Still others say it is the big developers who get most of the land that goes up for sale (deals with state governments), and they trickle feed it back to the buyers so the prices stay high (lots of demand not much supply). Land goes up.. so total prices go up.
I would love to know if these or other reasons are the real reasons for the increasing cost of housing. And I would love to know the answer to providing affordable housing for all Australians – especially the forgotten bottom 25% on pathetic income levels.
I will probably get flamed for this, but, here goes:
Jim, the bottom 25% of the socio-economic ladder probably have never owned their own homes. They are those on welfare, or labourers who can’t get a loan, nor should they, simply because their incomes won’t support the payments, or their positions are often not stable. In fact, giving loans to the bottom 25% is what got us into this mess – anyone heard the term ‘Sub Prime’ before?
Sorry but security and shelter is a basic human right – OWNING it for yourself is a privelige, one people work very hard for. It requires sacrifice, hard work and education. It has never been easy to own a home – ever.
Single people occupy these places because (generally) people are staying single for longer, delaying marriage and living their lives through their 20’s and early 30’s. These people (generally) are the ones who can’t buy a home because they travel, spend it on nights out and other consumer items. It’s not until they pair up and settle down do they start thin
I don’t know where Springvale is, I’m not from Melbourne, but if it is closer to the CBD, of course there will be gentrification and urban renewal, and, with today’s focus on urban sprawl and lack of facilities, infilling and creating denser housing is not a bad thing. these newer, modern buildings attract a better class of people, because the buildings are nicer. The owners can pick and choose who they let rent it, rather than having to let to ferals a weatherboard fibro shack, because they are the only ones who would want to live in it. The better class of people can afford to pay more and so they do, and as such, the area gets more expensive. The feral element get moved on.

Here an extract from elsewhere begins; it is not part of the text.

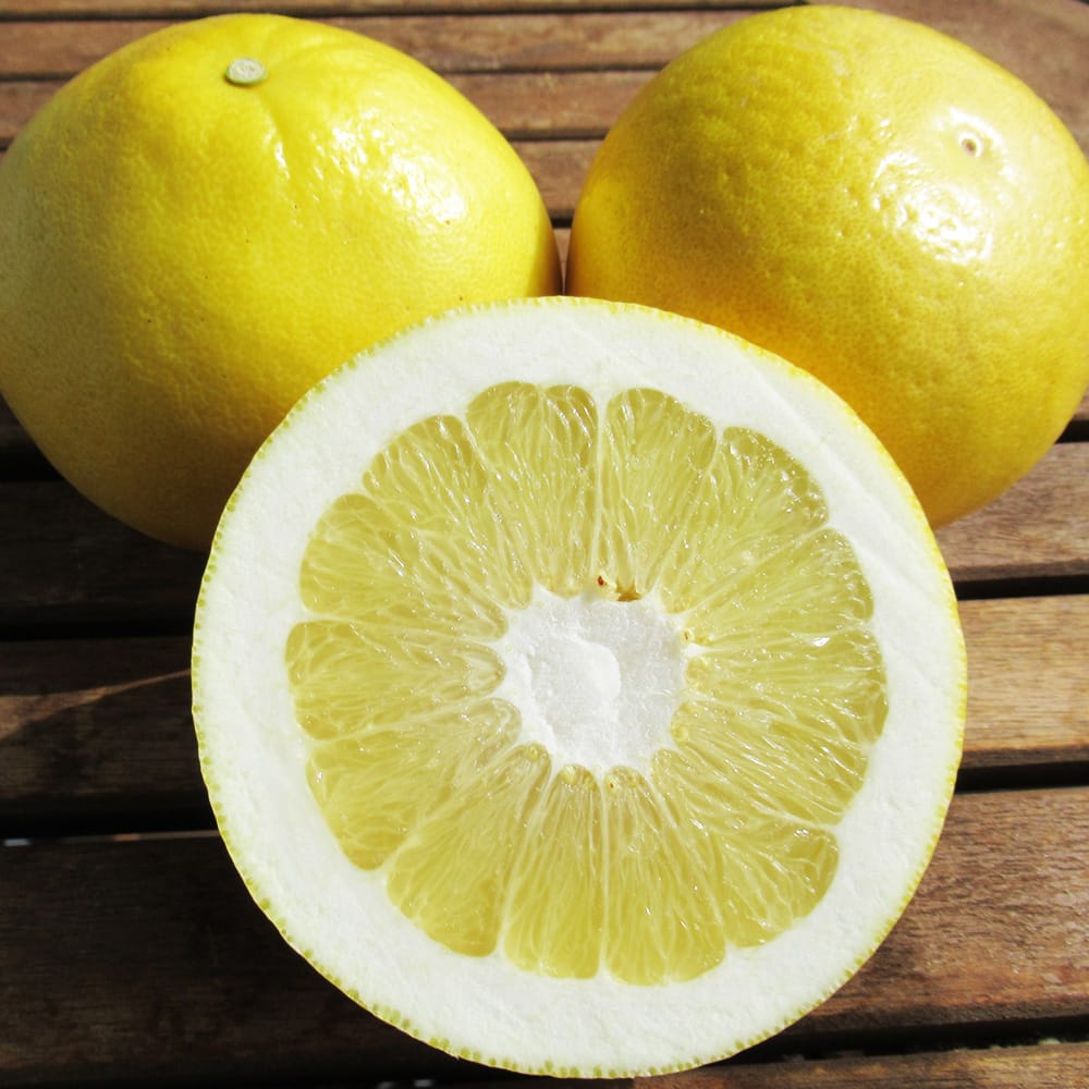 花も実も大きな柑橘。酸味が少なく甘みも多目でおいしいです。土佐文旦(トサブンタン)は文旦の中では小さい部類になります。皮が比較的薄くて味が良いです。果汁が多く、酸味と甘味のバランスが良く、口当たりも良いのでパクパク食べれます。小玉のものは味が濃厚になりやすいでので、果実の大きさで食べ比べしてみましょう。大きなものでは1kgの果実が実りますが、おおむね700gくらいまでの大きさの果実が実ります。

Blame the government for lopping off public housing.
And yes I’ll get flogged for this by some people I’m sure, but Adam Schwab has been forecasting this overvalued collapse in house prices for around 18 months now. I’m still waiting.
Damn my comment got cut off. I meant to say *thinking about a secure place to live and raise a family*.
Reasons?…try disproportionate and rampant immigration levels, try the laxing of foreign ownership rules, try the systematic ramping-up of prices by the realestate industry, try an idolatrous culture that prepetuates the myth of the Great Australian Dream of home ownership in order to lock people up into a life-time of debt servitude.
These statistical average arguments are smoke and mirrors. I recently saw a residential property in a country town sell for well under $20K. That won’t even cover stamp duty on a suburban property purchase.
And I’m happy to read Mr Schwab’s perspective as an alternative to the self serving spruiking of one eyed interest groups. At best this spiralling asset value activity is instituting a new version of serfdom with corporates and banks playing the wealthy power brokers this time round. Those arguing this is a good thing are likely making a living out of the increases or were probably all able to purchase their first homes a decade or three ago when properties were still affordable as a ratio of income that didn’t equate to financial slavery. Bubble or no bubble it highlights a real lack of vision or care for Australia’s future generations.
Also ABARKER, I dispute your differentiation between security and shelter as a ‘basic human right’ versus owning said being a privilege. The whole lot is a social privilege, not a basic human right. The only inherent human right we hold is the right to die, and not usually to our own timing. Using that dodgy rights argument in a country that can’t even bring itself to give its citizens a bill of rights is almost quaintly absurd.